Many don’t consider performance when they design and deploy a data integration solution, but they should. Typically misunderstood is the fact that data integration is a holistic solution with many links in a chain. The data integration engine is only one link. Thus, the performance of any data integration solution is typically limited by its overall design, as well as its slowest component.
When I’m called about data integration performance issues, the caller’s natural tendency is to blame the data integration technology itself. However, these days the data integration technology is rarely the bottleneck, and thus you must look at other aspects of the design to find the issue. The best determination of overall performance is not the speed of the data integration engine, it is the experience of those doing the overall data integration architecture and deployment.
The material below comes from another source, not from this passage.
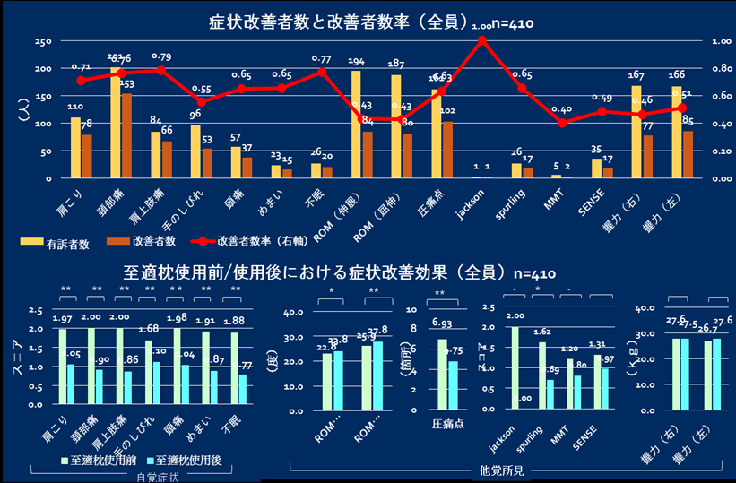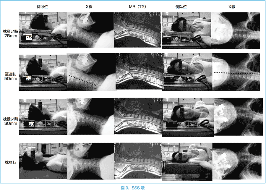 マクラの高さの調整方法(SSS法)」によって調整された枕を使用すると、頸部痛(首の痛み)、身体化症状(腰痛・背中のはり、筋肉痛・手足のしびれ、頭痛、息苦しさ・動悸、めまい・耳鳴り、疲労感・うつ状態、睡眠障害)が有意に改善された。と結論しております。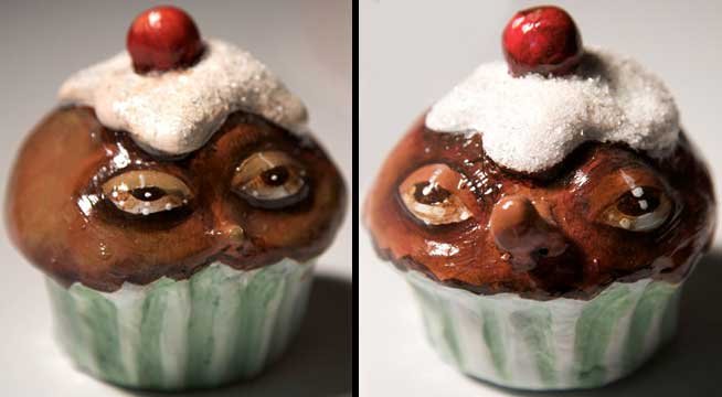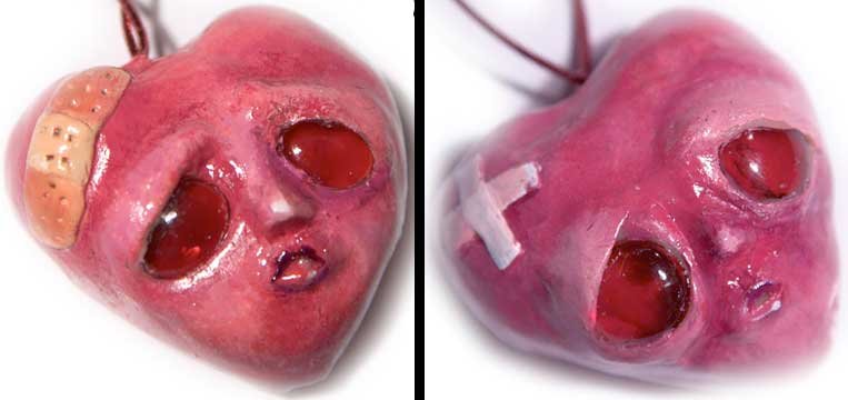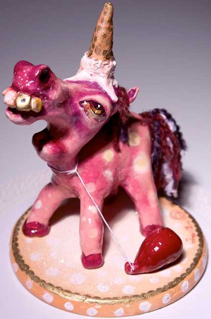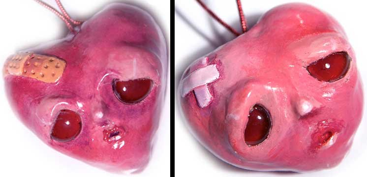 wood, yarn, crystals, glitter, acrylic,18kt gold paint, glaze, glitter, string

When considering the data integration design you have to think in terms of links in a chain. The API is invoked by the adapter on the source to produce the data, the data is consumed into the integration engine, the structure and the content of the data is altered to meet the needs of the target, a log is updated, and it’s pushed out of the integration engine to an adapter that invokes an API where the data is pushed into the target.
Therefore, the performance of that “chain” is dependent upon all components working efficiently. A poorly performing database or application API, or a poorly designed transformation, can be the cause of your latency. Those are just a few things that could be a performance issue (discussed below), but those are not the only places to look.
Let’s review the top 3 things to consider with data integration and performance issues. They are:
- API Latency
- Poorly Design Transformations
- Over Eating
API latency, as introduced above, is the most common performance issue, no matter if it’s a database API, such as a CLI (Call Level Interface) such as JDBC and ODBC, or if it’s a proprietary enterprise application API such as SAP’s BAPI. The typical problem is that the API is not configured correctly, and thus not able to produce or consume the data at the required rate. Or, in some instances, the poor performance is engineered into the API, which requires you to work directly with those who produced and maintain the API.
In the case of a configuration problem you need to become intimate with the configuration parameters of the API, including allocating cache and/or queue space, which are typically the issues. Make sure the API rarely goes directly to the physical disk for read and write into the queue, and that typically means the use of physical memory is maxed out for the API, but not always.
Moreover, watch out for Web service interfaces. While they are based on open standards and it’s much easier to make them work and play well with others, they have a tend to underperform their native API counterparts. Thus where performance is a requirement, and you don’t need Web services access, then the native API is your best bet (if there is a choice).
Poorly designed transformations are common problems. The technology these days is so flexible and able to accommodate so many different requirements that, in some instances, you could be writing transformations that are much more complex than what is required. In the world of data integration, the ability to alter both schemas and content from a source to a target is a core requirement, but in doing so you need to optimize how the transformation executes.
This typically means working with your data integration technology vendor to determine the best approach to deal with complex transformation requirements. If performance is a core consideration, then you need to understand how to optimize the schema and content transformation, and in doing so remove a common bottleneck.
Over eating is really a design issue around the consumption of too much data at one time into the adapter and integration engine. This is typically not an issue with the integration engine, but just a design mistake. Instead of consuming a bunch of small portions of data, such as each sales transaction, huge chunks of data are pulled in at the same time. Sometimes there are reasons to pull in huge chunks of data, but in many cases it’s not a requirement.
Of course, as with all design mistakes, the data integration engine will accommodate you. However, the granularity in how you consume the source data, or push to a target, typically means that your performance is less than optimal. Again, work with the data integration technology provider to determine the best practices and design guidelines here, but as a rule of thumb, smaller and many is better than larger and few.
Performance is often overlooked when those charged with driving data integration solutions just want to get things up-and-running. It’s understandable. Moreover, the data integration technology is so powerful these days that it’s very forgiving and able to work around many of the inefficiencies of design. However, with a bit of forethought, performance won’t be an issue within your data integration solution.